– Стой! Стоять! Этот… Афанасьич, стой! – Шило поставил на платформу японский чемодан. Носильщики остановились, а он сделал несколько шагов вперед, приглядываясь к дорожке следов.
– Ставь! – махнул рукой командир, не отрывая взгляда от платформы. – Ставь чемоданы на снег!
Курихара рванулся к пограничнику, но тот выпрямился и остановил японца властным жестом. Ватануки спокойно приближался к ним, а Эцуко, шедшая следом, совсем понурившись, по-прежнему не поднимала глаз.
На грязном от следов снегу платформы виднелись мелкие и яркие, как спелая дикая смородина, капли крови. Их было немного, но они уже образовали четкую дорожку, недвусмысленно указывавшую на источник – первый зеленый кофр, который широкоплечий нес с напарником. Ближе к тому месту, где они остановились, капли делались все гуще, плотнее и больше. Сомнений быть не могло: кровь капала из того самого чемодана, который выносили из купе первым. Курихара бросился к нему, но мнимые носильщики встали перед ним стеной, а старший лейтенант госбезопасности Шило повернулся к Ватануки и внятно, четко выговаривая слова, произнес:
– Это ваши чемоданы?
Несколько секунд Ватануки молчал. Курихара метнулся обратно и встал перед ним бледнее снега, что лежал у него под ногами, с замиранием глядя в каменное лицо шефа. Наконец, Ватануки решился и медленно выговорил по-русски:
– Это есть мой багаж. Но его все внутри мне неизвестно. Курихара-кун попросить меня использовать вализа. Я разрешить.

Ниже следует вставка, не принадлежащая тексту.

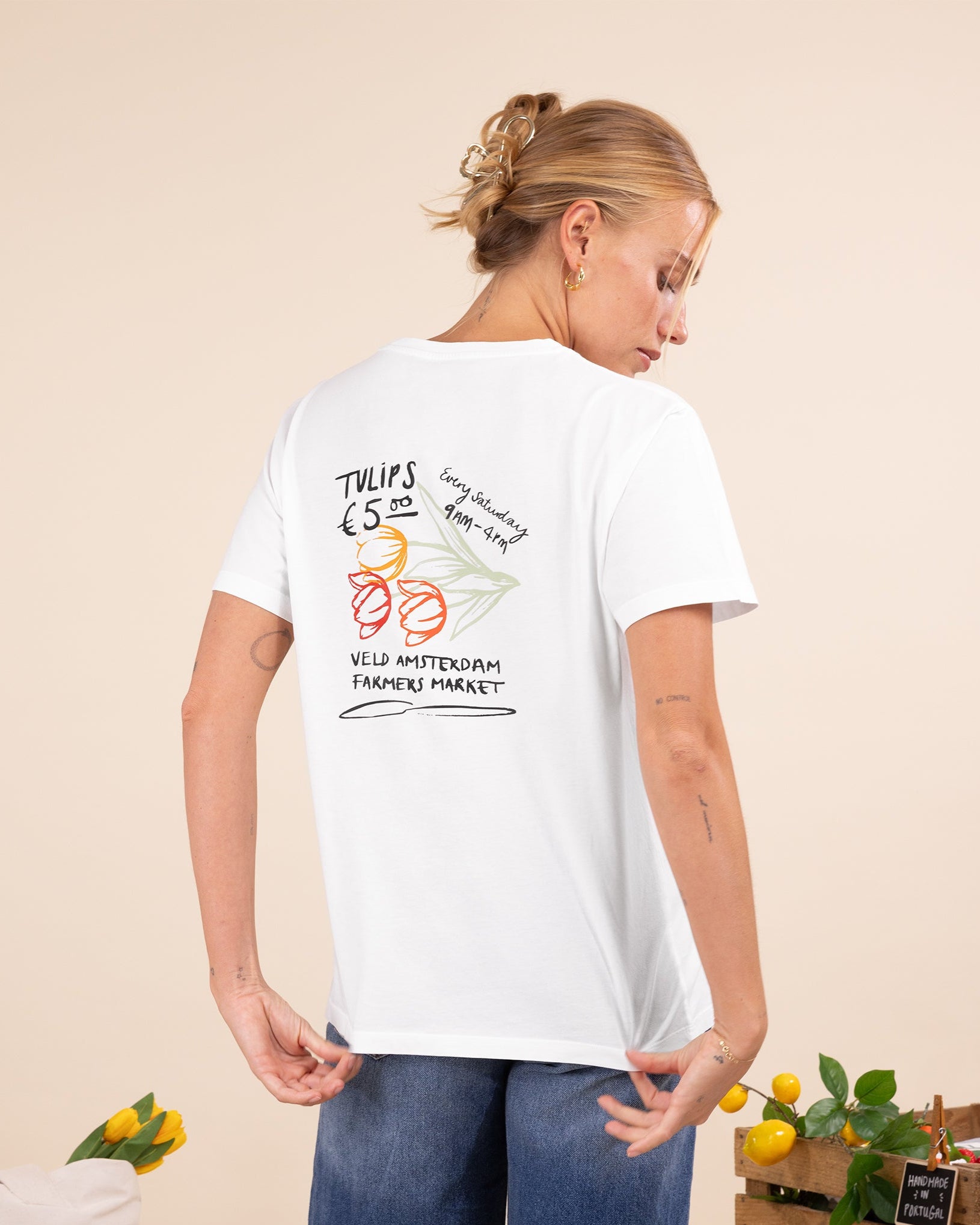 Find the perfect fit with the Griffith Crew Neck T-shirt, crafted from incredibly soft 160 gsm Organic Cotton that feels light yet structured for a clean, straight fit. Features custom graphic designs inspired by our favourite city ritual- Saturdays at Noordermarkt.

Курихара вздрогнул и отпрянул назад. Шило обернулся к нему:
– Что в чемоданах, господин Курихара?
– Вы не имеете права! Это дипломатический багаж!
– В случае, если у пограничной охраны имеются веские основания полагать, что через границу незаконным образом перемещается запрещенный к провозу груз, я имею право досмотреть багаж.
– Нет! Вы не имеете это права!
– Господин Курихара, из вашего чемодана капает кровь. Вы скажете, чья это кровь? Кто находится в чемоданах?
– Нет! Вы не имеете право.
Ватануки сделал шаг к журналисту и что-то тихо сказал ему по-японски. Тот опустил плечи.
– Господин Курихара, кто в чемоданах? Напоминаю вам, что вашими собственными показаниями и свидетельством господина Ватануки установлено, что багаж принадлежит вам. Вы не дипломат, а журналист. Во всяком случае, по документам, – позволил себе усмехнуться Шило. – Это значит, что я имею право вас задержать в случае обнаружения контрабанды, арестовать и передать органам госбезопасности для проведения дознания. Но, если вы сейчас сами откроете чемоданы, мы будем считать, что их содержимое принадлежит не вам.
Курихара опустил голову и вдруг громко всхлипнул. Ватануки быстро шагнул вперед и неожиданно резко наотмашь ударил журналиста по лицу. Тот вскрикнул. Из его носа на снег брызнули капельки крови, смешиваясь с уже просочившимися до асфальта темными бусинами из чемодана.
Курихара залез в карман и протянул начальнику погранотряда два маленьких ключа. Тот выдохнул, взял их и скорыми шагами направился к тому кофру, из которого текла кровь. Чекисты сгрудились у него за спиной. Шило повернул замок и откинул крышку. Внутри все увидели миниатюрную женщину, одетую в зимнее платье, толстые колготки и кофту. Она лежала на боку, съежившись и повернувшись лицом к замкам, обхватив худые плечи похожими на ветки дерева тонкими руками. Глаза ее были закрыты. Она не дышала. На спине кофта вся уже пропиталась кровью. Кровь натекла и в сам кофр и капала маленькими каплями через дырки, оставленные шилом широкоплечего.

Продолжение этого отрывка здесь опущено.